Вот так, за разговорами дошли до стойбища, доступ на территорию которого ограждал высокий, в семь жердей, кораль. Отшельнически серая, с маленькими окнами изба была покрыта рулонным толем – в тон со срубом и вытоптанной оленями землей. Раньше крыши обкладывали мхом или дерном, но сейчас это хлопотное занятие ханты подзабыли.
– Дом-то теплый? – недоверчиво стали выспрашивать мы хозяина.
– Да, – закивал Кечимов. Он подошел к причудливому лабазу на одной ножке, повернул его вправо-влево. – Крутится. Сам сделал. Один – Капе под продукты, второй – себе под инструменты.
Архитектурные каноны у хантов не менялись веками. Традиционный лабаз – это маленький домик на сваях, чтобы не залезали дикие звери. А тут такой дизайн! Избушка поворачивается, как в сказке, «к лесу задом, ко мне передом». Повертеть лабаз вслед за хозяином мы не решились: эти хозяйственные постройки не так просты, как кажутся. Иногда таится в них не мука и мясо, а что-то смутное, обережное: кости медведя или идолы. Сами ханты относятся к ним пре
дельно серьезно, не рискуют подходить к лабазам с наступлением сумерек… Не спрашиваем, почему. Нельзя – и все!
Зашли в дом. Как ожидалось, в нем только одна общая комната. Из обстановки – печка-«буржуйка», стол, традиционный настил- нары. Живут здесь вдвоем – Капа и Сергей. Капа хозяйничает по дому. Сергей следит за оленями. Когда-то он был исполнителем ритуальных песен в национальном самодеятельном коллективе «Вонтнэ – Таежница». Сейчас изготавливает для него традиционные национальные инструменты из дерева. Таких мастеров – наперечет.

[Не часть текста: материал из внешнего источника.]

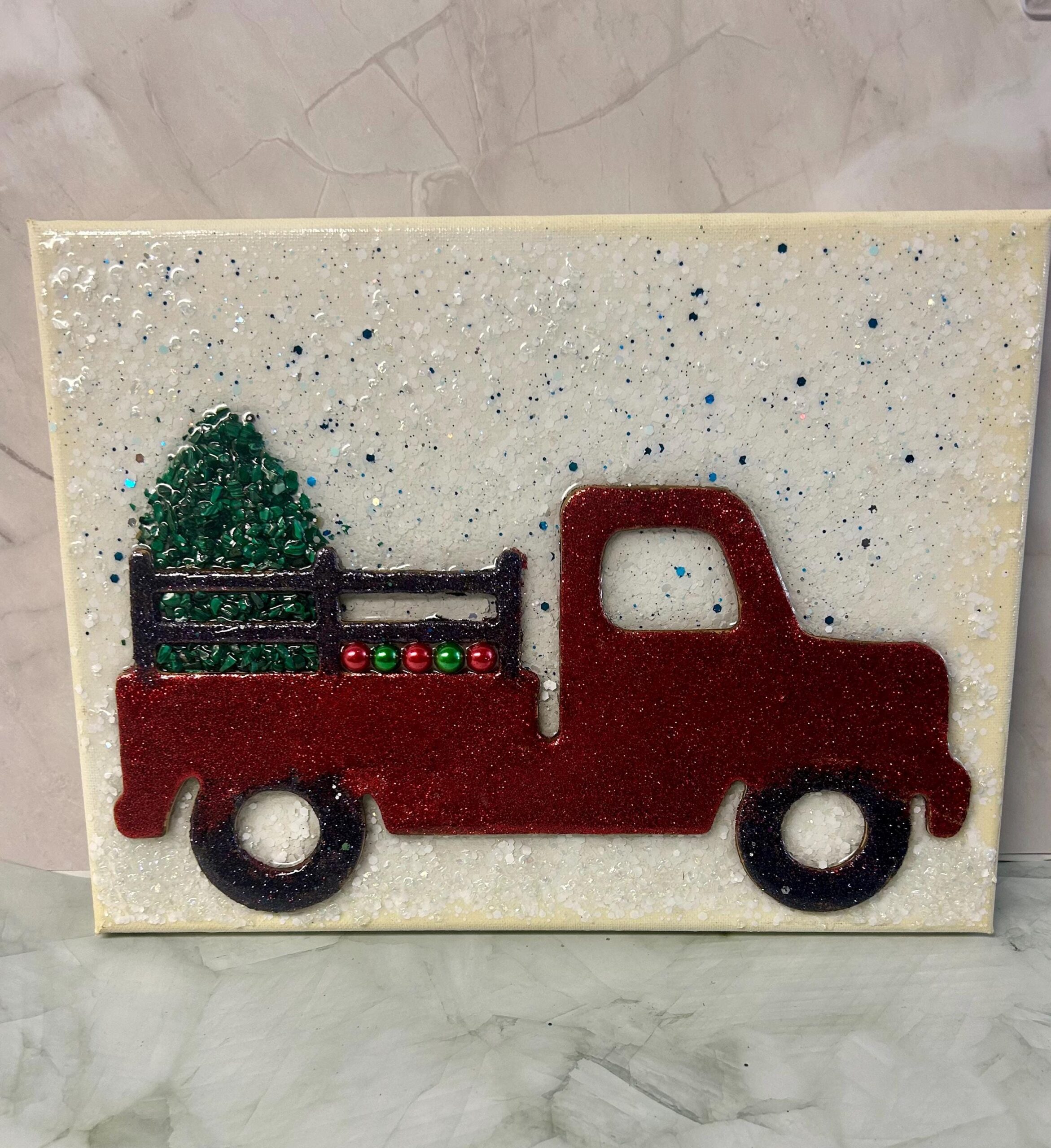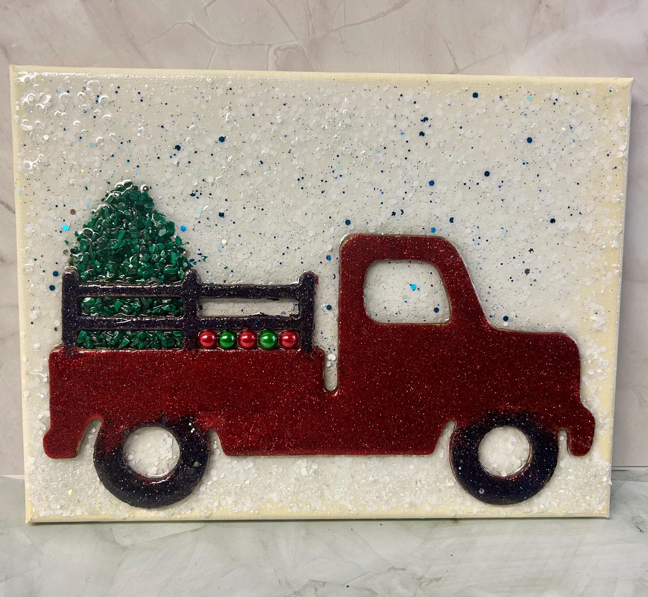 Celebrate the holiday season with this festive handmade resin canvas featuring a classic red truck carrying a lush green Christmas tree. The 3D resin design adds depth and texture, bringing the charming scene to life. Rich colors and fine detailing make this piece a standout addition to your seasonal décor.

Мы расположились у стола, а Капа выскочила из дома подгорячить воду в чайнике. Подбросила полено в огонь, присела на чурбан – сейчас закипит. У хантов дрова колет женщина. К основным женским занятиям относятся также воспитание детей, приготовление пищи, заготовка дров, шитье одежды. Гендерное разделение труда ведется со старины, считается вечным и нерушимым. Хантыйские мужчины в свое оправдание даже придумали пословицу: «Дрова рубить – людей смешить!»
Тем временем гости разделывали большую замороженную рыбину муксуна, которая водится в Оби и ее притоках. В тему посыпались вопросы о гастрономических пристрастиях обитателей дома.
– Чем обычно питаетесь? Что готовите?
– Рыбы у нас мало, да и на рыбалку далеко ходить. Покупаем в магазинах. Купил как-то рыбные фрикадельки в банке, думал, рыба… Макароны не покупаю – не люблю. Мясо едим только зимой. Оленя лучше забивать, когда у него мех гуще, толще, длиннее, с теплым подшерстком. Оленину обычно варим. Раньше это было охотничье место: лоси, белки – все водилось. Сейчас промыслового зверя стало меньше.
Кечимов заверил, что строганина – блюдо безопасное, так как муксун никогда не болеет. Кусочек рыбки плюс соль, перемешанная с молотым черным перцем, – и северный деликатес готов. Хозяева же угощались привезенной нами копченой колбасой и клубникой.
Пришли олени. С их появлением стойбище ожило. Олененок Ромка, свои первые месяцы проживший прямо в избе, первым делом подбежал к дверям. Потоптавшись у входа, сообразив, что сейчас не до него, олененок обидчиво мотнул головой и присоединился к старшим. У хантов не принято говорить, сколько оленей в стаде. Поэтому ни спрашивать, ни считать их мы не стали. Олени доверчиво подбежали к Капе и Сергею. К гостям – только из-за лакомства (комбикорма с солью). Чувствовалось, что существует какое-то древнее родство между оленями и хантами, что какая-то сила сближает их и дает им божью помощь жить вместе на этой земле.
Олени поели, покрутились у загона, дали нам возможность сфотографироваться и снова вырвались на свободу.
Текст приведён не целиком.